**What to do:**
Write the lines out again, from the top of the material to the line containing "Uzavretie zaisťuje vodeodolný", pictures excluded.

**Stored data:**
****************

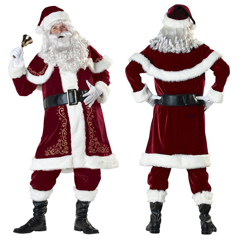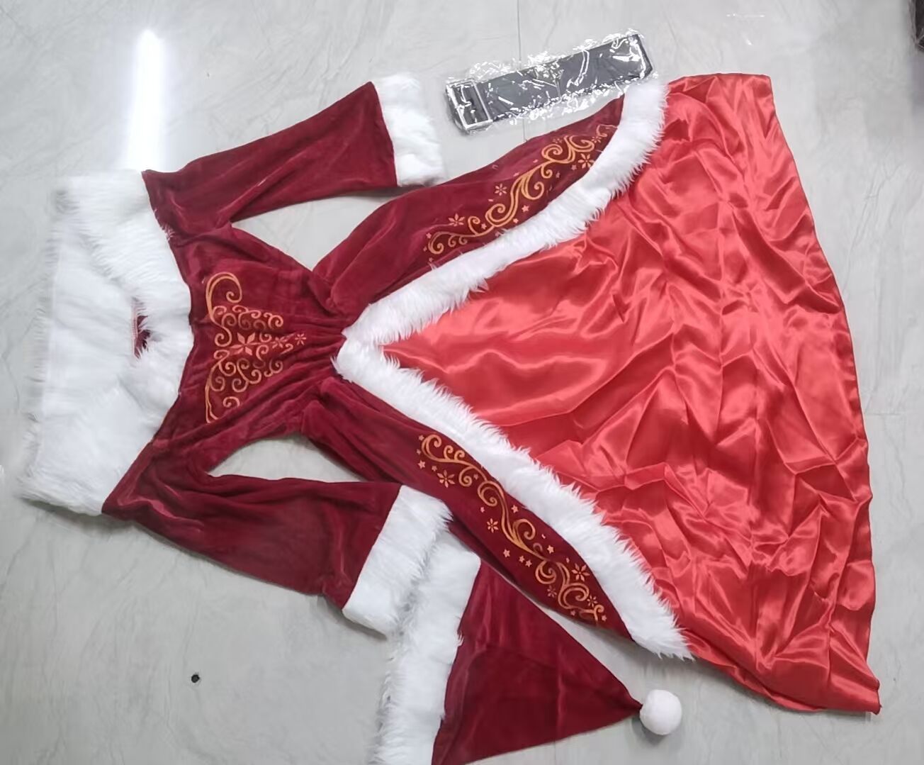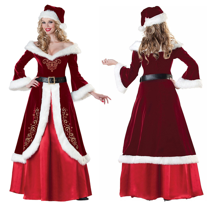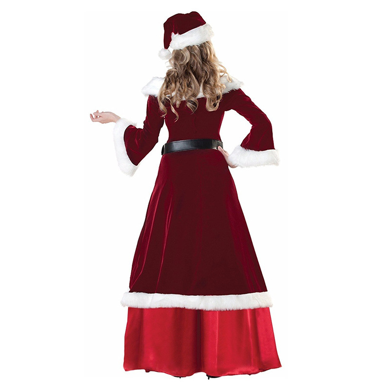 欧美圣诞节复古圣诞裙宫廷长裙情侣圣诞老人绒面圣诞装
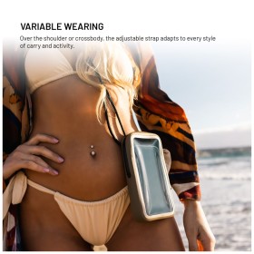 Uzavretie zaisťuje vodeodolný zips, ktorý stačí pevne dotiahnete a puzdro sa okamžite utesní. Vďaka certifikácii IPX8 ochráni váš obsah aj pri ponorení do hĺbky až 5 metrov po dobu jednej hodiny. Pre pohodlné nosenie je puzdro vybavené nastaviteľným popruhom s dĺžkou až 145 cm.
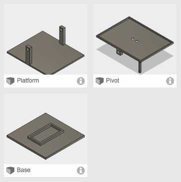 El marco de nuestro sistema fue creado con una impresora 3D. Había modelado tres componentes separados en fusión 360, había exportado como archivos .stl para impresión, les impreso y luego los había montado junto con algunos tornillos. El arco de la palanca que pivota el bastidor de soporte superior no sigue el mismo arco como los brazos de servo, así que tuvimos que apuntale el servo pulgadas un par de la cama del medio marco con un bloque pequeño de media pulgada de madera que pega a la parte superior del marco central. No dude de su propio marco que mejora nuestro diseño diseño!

****************

**Result of the exercise:**
 欧美圣诞节复古圣诞裙宫廷长裙情侣圣诞老人绒面圣诞装
 Uzavretie zaisťuje vodeodolný zips, ktorý stačí pevne dotiahnete a puzdro sa okamžite utesní. Vďaka certifikácii IPX8 ochráni váš obsah aj pri ponorení do hĺbky až 5 metrov po dobu jednej hodiny. Pre pohodlné nosenie je puzdro vybavené nastaviteľným popruhom s dĺžkou až 145 cm.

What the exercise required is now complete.